*** Opening Collected material ***

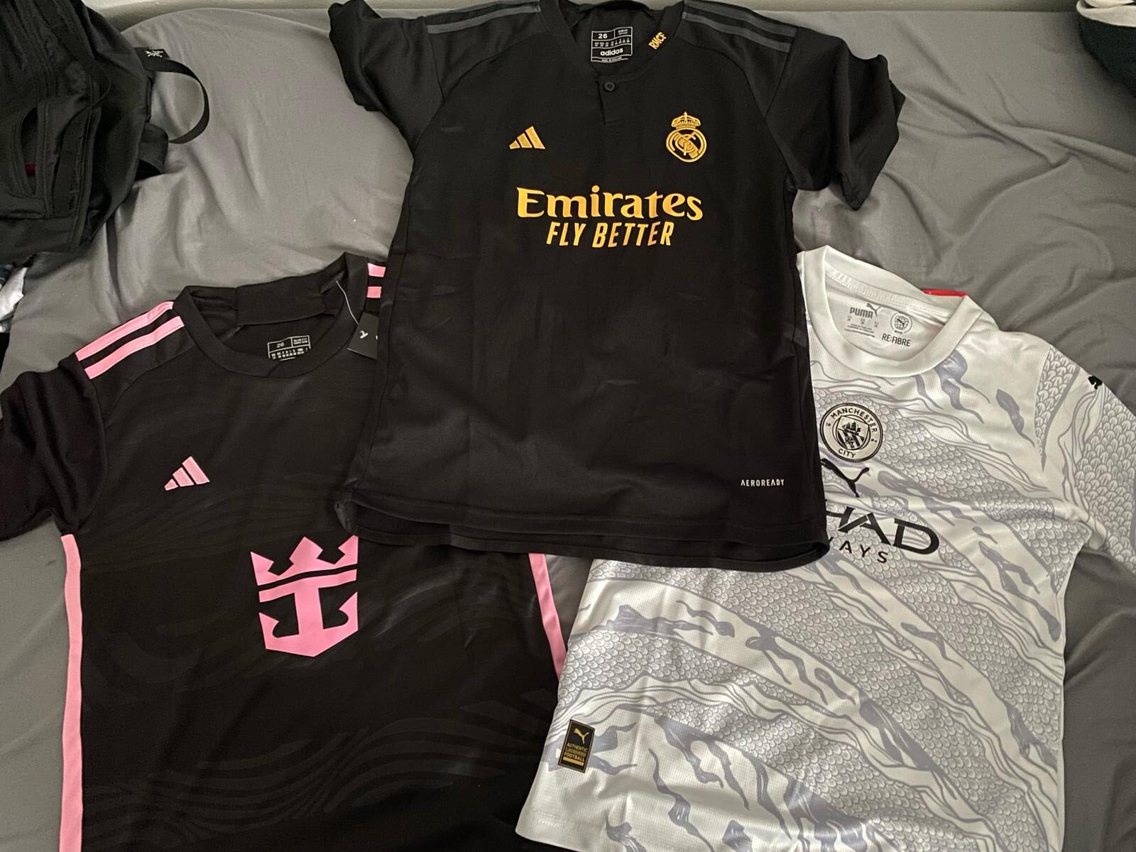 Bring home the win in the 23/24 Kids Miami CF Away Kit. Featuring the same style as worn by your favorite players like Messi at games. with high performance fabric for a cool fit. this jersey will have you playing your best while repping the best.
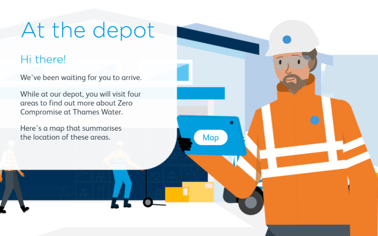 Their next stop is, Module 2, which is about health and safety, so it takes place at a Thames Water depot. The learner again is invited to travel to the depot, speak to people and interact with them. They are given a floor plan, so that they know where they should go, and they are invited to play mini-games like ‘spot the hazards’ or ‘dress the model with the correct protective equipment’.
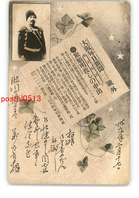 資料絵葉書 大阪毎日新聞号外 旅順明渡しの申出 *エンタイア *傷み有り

*** Closing Collected material ***

**Exercise aim:** From the material above, copy everything exactly but the pictures.

**Answer:**
 Bring home the win in the 23/24 Kids Miami CF Away Kit. Featuring the same style as worn by your favorite players like Messi at games. with high performance fabric for a cool fit. this jersey will have you playing your best while repping the best.
 Their next stop is, Module 2, which is about health and safety, so it takes place at a Thames Water depot. The learner again is invited to travel to the depot, speak to people and interact with them. They are given a floor plan, so that they know where they should go, and they are invited to play mini-games like ‘spot the hazards’ or ‘dress the model with the correct protective equipment’.
 資料絵葉書 大阪毎日新聞号外 旅順明渡しの申出 *エンタイア *傷み有り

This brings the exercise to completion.